TASK DETAILS >> Leave out the pictures and retype, exactly, the lines below from the line with "המוצר שלך: טלית" up to and including the line with "排骨年糕是上海地区一种经济实", nothing more.

EXTRACTED DATA >>
----

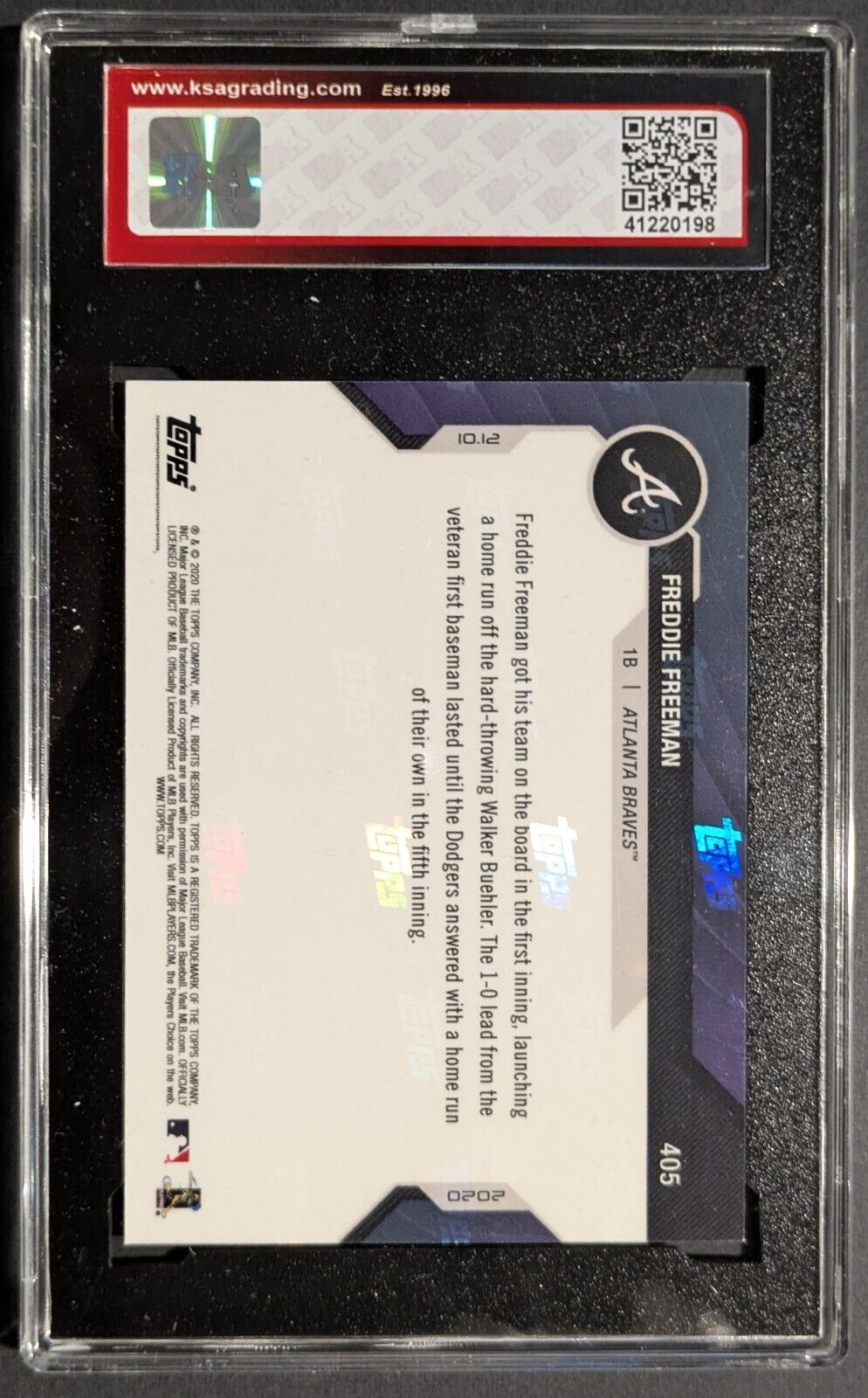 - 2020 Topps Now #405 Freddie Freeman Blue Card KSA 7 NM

----

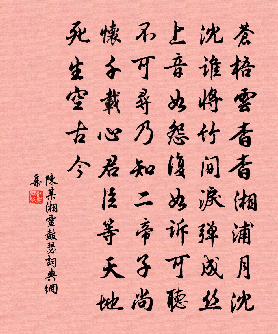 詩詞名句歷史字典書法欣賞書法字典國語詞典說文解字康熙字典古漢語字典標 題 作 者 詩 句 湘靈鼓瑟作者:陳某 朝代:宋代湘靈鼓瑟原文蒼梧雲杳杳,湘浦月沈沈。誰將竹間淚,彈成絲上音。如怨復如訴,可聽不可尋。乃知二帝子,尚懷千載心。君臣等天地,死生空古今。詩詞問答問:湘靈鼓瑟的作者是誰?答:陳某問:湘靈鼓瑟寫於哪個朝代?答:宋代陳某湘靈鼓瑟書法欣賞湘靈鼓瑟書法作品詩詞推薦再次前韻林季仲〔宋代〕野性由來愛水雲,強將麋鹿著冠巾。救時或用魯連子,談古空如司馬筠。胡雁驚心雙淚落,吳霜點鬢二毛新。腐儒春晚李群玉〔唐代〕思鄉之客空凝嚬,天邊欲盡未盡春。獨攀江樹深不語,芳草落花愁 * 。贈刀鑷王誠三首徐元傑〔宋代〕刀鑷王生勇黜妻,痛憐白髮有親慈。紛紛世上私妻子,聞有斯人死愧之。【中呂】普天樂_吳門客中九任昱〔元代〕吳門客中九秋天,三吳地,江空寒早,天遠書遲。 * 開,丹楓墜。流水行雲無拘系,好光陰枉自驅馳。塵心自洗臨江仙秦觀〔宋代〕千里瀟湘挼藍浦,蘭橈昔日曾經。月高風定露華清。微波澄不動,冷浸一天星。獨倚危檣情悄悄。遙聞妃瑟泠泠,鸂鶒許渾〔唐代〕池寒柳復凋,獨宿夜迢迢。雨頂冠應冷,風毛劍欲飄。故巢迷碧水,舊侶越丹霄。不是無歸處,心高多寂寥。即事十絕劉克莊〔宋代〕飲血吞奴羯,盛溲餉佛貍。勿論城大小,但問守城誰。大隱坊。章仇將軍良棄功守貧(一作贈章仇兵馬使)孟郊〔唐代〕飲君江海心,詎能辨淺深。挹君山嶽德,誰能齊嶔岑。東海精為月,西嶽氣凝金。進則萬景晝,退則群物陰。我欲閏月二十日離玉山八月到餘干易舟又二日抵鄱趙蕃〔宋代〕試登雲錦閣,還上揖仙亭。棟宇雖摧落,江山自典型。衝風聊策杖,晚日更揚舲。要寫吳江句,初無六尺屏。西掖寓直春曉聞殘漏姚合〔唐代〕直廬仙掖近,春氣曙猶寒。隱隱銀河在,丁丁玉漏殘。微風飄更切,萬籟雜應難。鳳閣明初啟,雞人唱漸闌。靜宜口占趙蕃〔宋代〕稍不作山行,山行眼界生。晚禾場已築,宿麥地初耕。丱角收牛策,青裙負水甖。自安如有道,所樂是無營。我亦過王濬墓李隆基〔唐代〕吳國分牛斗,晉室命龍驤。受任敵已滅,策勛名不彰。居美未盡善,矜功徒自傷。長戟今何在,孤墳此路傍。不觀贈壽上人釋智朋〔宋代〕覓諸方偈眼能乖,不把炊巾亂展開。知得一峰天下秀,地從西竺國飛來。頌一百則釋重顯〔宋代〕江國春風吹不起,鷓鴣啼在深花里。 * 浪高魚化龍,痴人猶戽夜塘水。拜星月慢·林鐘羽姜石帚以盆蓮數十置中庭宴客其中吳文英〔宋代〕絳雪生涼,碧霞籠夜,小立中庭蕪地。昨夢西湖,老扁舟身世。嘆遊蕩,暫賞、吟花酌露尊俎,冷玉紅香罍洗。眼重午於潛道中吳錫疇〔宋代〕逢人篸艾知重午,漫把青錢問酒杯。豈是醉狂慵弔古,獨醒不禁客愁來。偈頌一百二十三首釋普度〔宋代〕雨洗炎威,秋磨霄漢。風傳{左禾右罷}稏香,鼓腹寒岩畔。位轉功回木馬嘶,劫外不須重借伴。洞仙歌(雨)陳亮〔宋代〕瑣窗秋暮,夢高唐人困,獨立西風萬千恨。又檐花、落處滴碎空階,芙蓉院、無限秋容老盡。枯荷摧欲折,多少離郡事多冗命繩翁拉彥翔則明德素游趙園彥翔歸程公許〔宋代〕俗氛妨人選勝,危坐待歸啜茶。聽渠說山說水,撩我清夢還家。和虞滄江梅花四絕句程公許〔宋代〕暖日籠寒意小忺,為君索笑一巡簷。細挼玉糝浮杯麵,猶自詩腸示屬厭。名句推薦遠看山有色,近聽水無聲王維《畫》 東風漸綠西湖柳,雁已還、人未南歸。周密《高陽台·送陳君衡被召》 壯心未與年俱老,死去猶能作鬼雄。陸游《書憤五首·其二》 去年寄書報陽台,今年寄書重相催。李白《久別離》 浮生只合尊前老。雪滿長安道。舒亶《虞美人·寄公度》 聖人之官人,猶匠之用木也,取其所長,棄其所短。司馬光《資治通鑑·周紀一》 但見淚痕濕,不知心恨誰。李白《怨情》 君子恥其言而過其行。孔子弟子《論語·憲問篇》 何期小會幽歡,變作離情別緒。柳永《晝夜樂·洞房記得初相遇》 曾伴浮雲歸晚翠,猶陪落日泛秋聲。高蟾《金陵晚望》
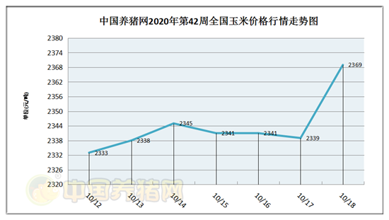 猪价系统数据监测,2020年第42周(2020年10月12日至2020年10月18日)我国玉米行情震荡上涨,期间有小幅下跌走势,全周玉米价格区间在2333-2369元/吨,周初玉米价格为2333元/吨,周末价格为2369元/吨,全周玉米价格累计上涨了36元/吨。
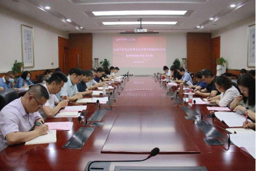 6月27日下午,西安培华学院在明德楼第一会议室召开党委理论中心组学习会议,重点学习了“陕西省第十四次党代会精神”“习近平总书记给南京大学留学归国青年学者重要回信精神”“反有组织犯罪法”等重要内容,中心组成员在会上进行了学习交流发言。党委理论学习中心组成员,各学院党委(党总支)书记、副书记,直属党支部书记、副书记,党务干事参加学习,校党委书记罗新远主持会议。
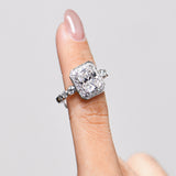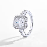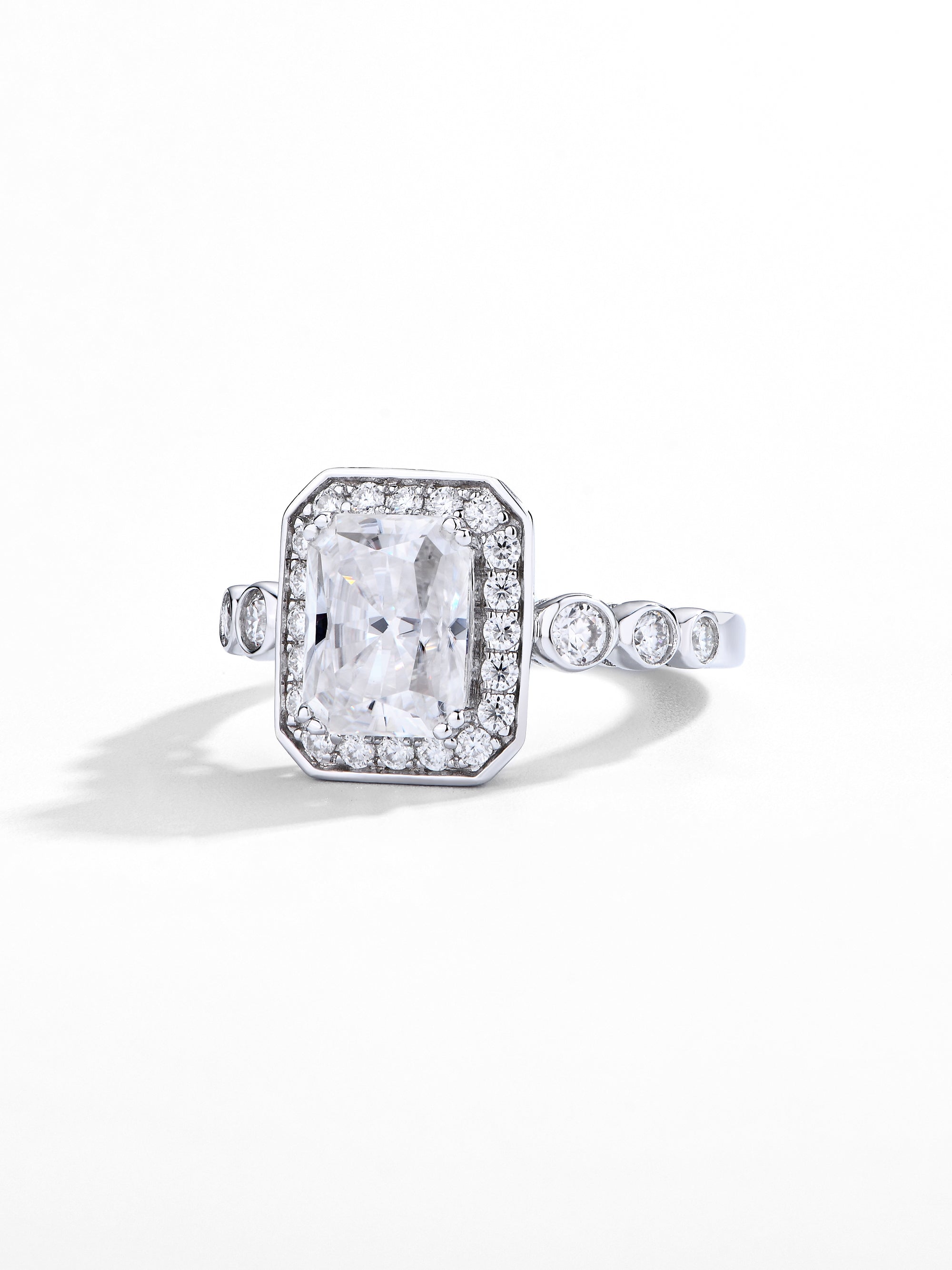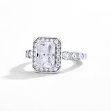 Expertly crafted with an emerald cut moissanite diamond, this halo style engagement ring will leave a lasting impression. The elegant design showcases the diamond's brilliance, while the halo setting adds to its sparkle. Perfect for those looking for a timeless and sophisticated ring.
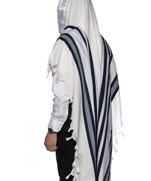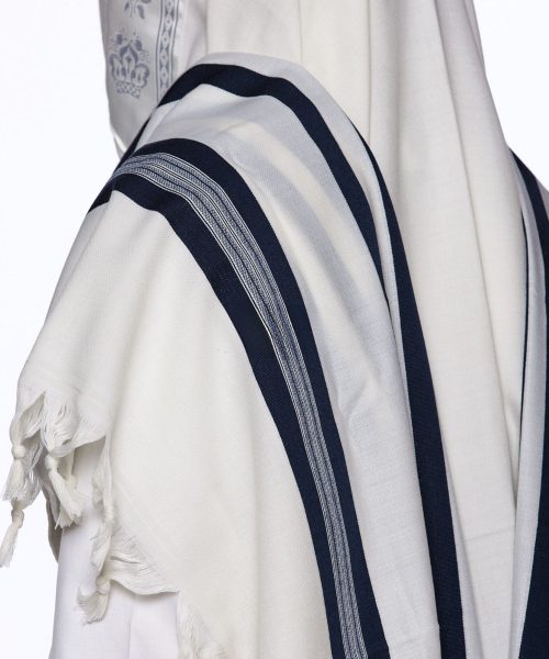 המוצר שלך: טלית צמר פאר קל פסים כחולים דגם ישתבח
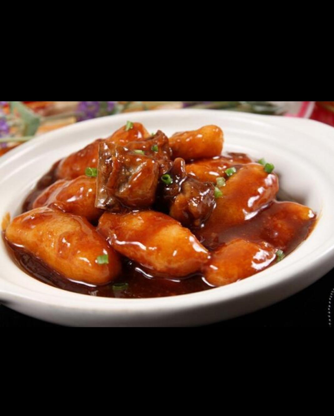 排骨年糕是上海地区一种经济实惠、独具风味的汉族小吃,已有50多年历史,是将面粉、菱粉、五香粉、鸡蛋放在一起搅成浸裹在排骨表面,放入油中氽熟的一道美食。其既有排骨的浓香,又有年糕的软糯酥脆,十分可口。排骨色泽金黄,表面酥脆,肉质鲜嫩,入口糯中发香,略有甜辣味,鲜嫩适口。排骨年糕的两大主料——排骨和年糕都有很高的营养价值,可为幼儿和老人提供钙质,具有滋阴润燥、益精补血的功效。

----

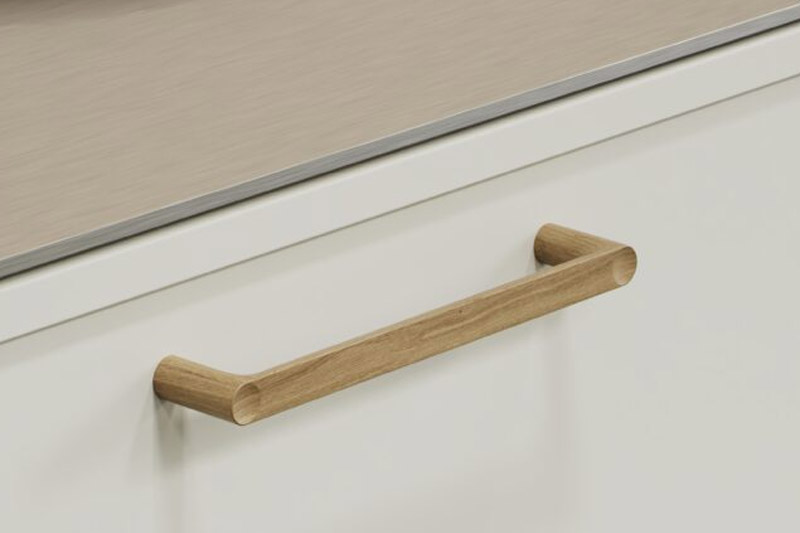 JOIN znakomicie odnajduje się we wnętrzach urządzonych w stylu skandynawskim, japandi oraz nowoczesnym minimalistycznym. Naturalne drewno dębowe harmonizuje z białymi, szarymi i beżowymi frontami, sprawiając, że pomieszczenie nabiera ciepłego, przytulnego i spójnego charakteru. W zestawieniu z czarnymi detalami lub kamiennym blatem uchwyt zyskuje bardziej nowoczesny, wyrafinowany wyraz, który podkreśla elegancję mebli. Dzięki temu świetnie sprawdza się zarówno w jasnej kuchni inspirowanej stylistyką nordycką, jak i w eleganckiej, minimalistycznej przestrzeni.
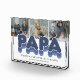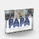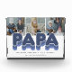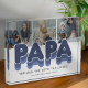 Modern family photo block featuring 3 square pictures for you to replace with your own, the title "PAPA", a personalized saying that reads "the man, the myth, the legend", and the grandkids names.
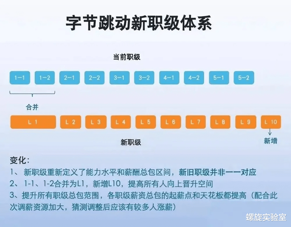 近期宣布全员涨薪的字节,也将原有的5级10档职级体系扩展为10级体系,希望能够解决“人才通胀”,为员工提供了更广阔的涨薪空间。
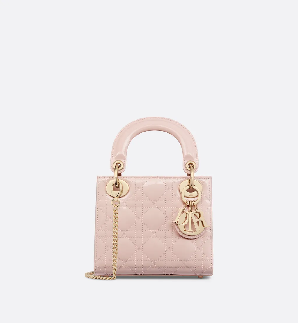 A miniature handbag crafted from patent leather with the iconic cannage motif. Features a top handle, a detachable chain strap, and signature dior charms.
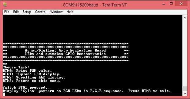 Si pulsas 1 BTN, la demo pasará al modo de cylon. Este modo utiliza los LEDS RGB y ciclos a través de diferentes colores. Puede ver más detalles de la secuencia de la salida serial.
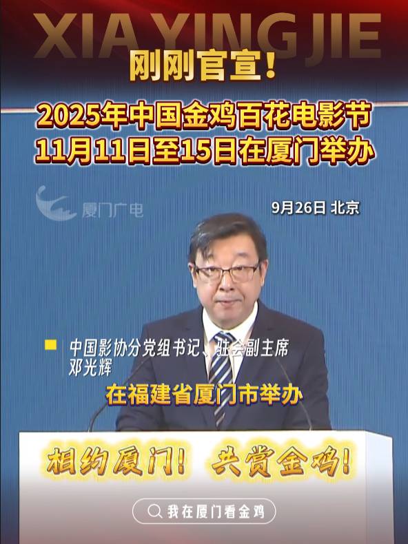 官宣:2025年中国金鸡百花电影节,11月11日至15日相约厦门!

----

SOLUTION FOR THIS PROBLEM >>
 המוצר שלך: טלית צמר פאר קל פסים כחולים דגם ישתבח
 排骨年糕是上海地区一种经济实惠、独具风味的汉族小吃,已有50多年历史,是将面粉、菱粉、五香粉、鸡蛋放在一起搅成浸裹在排骨表面,放入油中氽熟的一道美食。其既有排骨的浓香,又有年糕的软糯酥脆,十分可口。排骨色泽金黄,表面酥脆,肉质鲜嫩,入口糯中发香,略有甜辣味,鲜嫩适口。排骨年糕的两大主料——排骨和年糕都有很高的营养价值,可为幼儿和老人提供钙质,具有滋阴润燥、益精补血的功效。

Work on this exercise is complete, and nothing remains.